Restaurant information
- Established: 1980; 46 years ago
- Owner: Steve Iliescu
- Food type: Cheesesteaks and other sandwiches
- Dress code: Casual
- Location: 7200 Bustleton Ave (flagship location), Philadelphia, United States, Pennsylvania, 19149
- Website: www.stevesprinceofsteaks.com

= Steve's Prince of Steaks =

Restaurant in Pennsylvania, United States

Steve's Prince of Steaks is a cheesesteak eatery that was founded in 1980 on Bustleton Ave in the Oxford Circle section of Northeast Philadelphia. The eatery has since expanded to three additional locations and is popular among locals. The eatery is known for its melted American cheese and does not chop the meat.

==History==
Steve's Prince of Steaks was established in 1980 by Steven Iliescu. In 2015, the Steve's along with Amoroso's Bakery broke the world record for longest cheesesteak creating a sandwich measuring approximately 480 ft, overtaking the previous world record set in 2011 of 426 ft.

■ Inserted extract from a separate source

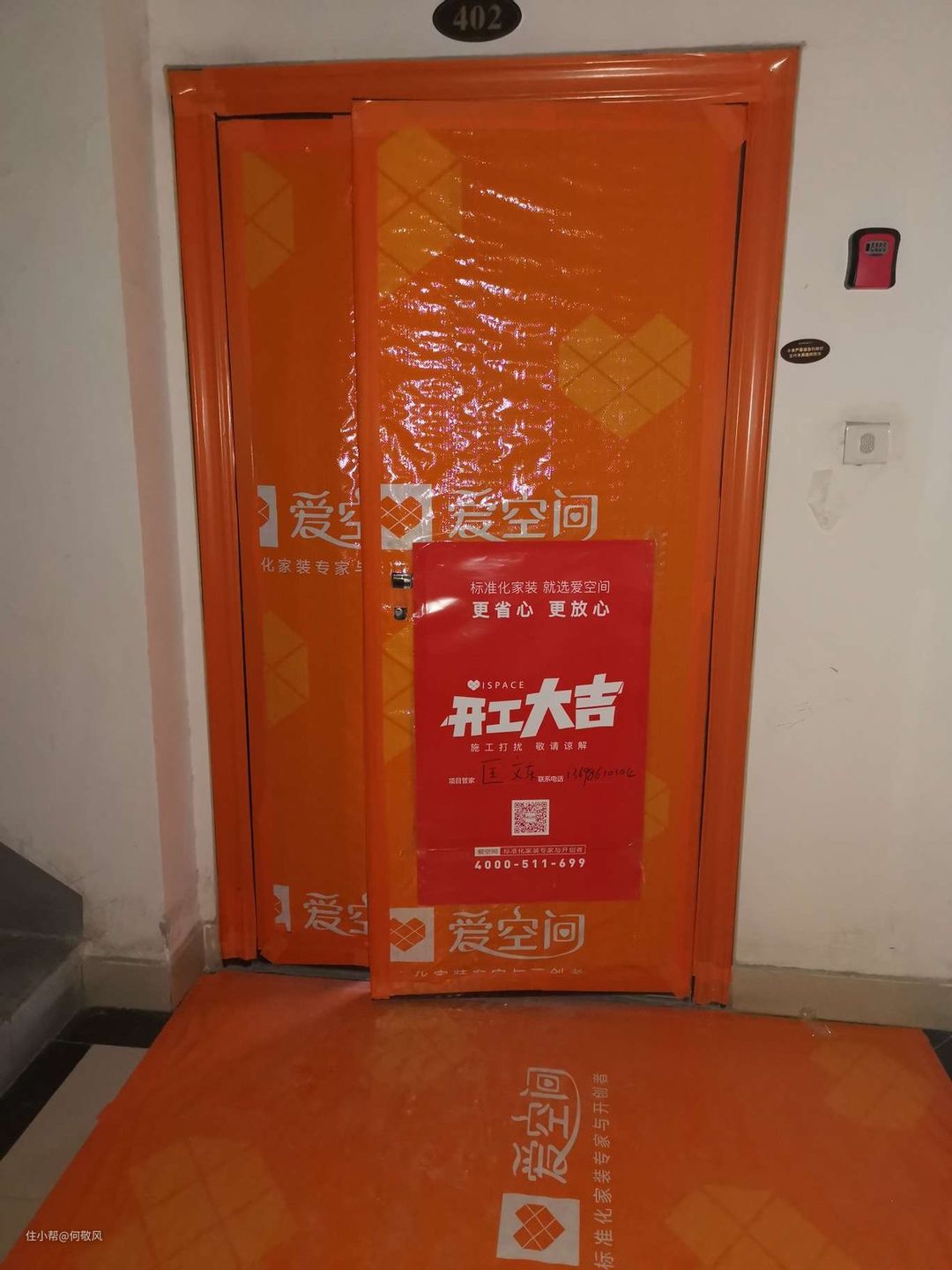 施工进场第一步:成品保护;入户门窗,电表箱,燃气等等都要粘贴保护膜,门口安装临时密码锁保护装修钥匙,里侧管道缠隔音棉,减少后期流水噪音。

In 2013, Steve's expanded to Center City, Philadelphia.

==Ratings==
The eatery is a popular favorite among Philadelphia residents and has received mostly positive reviews from food critics. Philadelphia Magazine awarded Steve's Prince of Steaks best cheesesteak in Philadelphia in 1992 and 2007. Liz Clayton of Serious Eats described the Steve's cheesesteaks as "a relationship that works". Philadelphia Magazine food critic Arthur Etchells, on the other hand, described the cheesesteak at the Center City location to be "nearly flat" and "overcooked".

Los Angeles Dodgers pitcher David Price tweeted that the cheesesteak eatery "changed his life".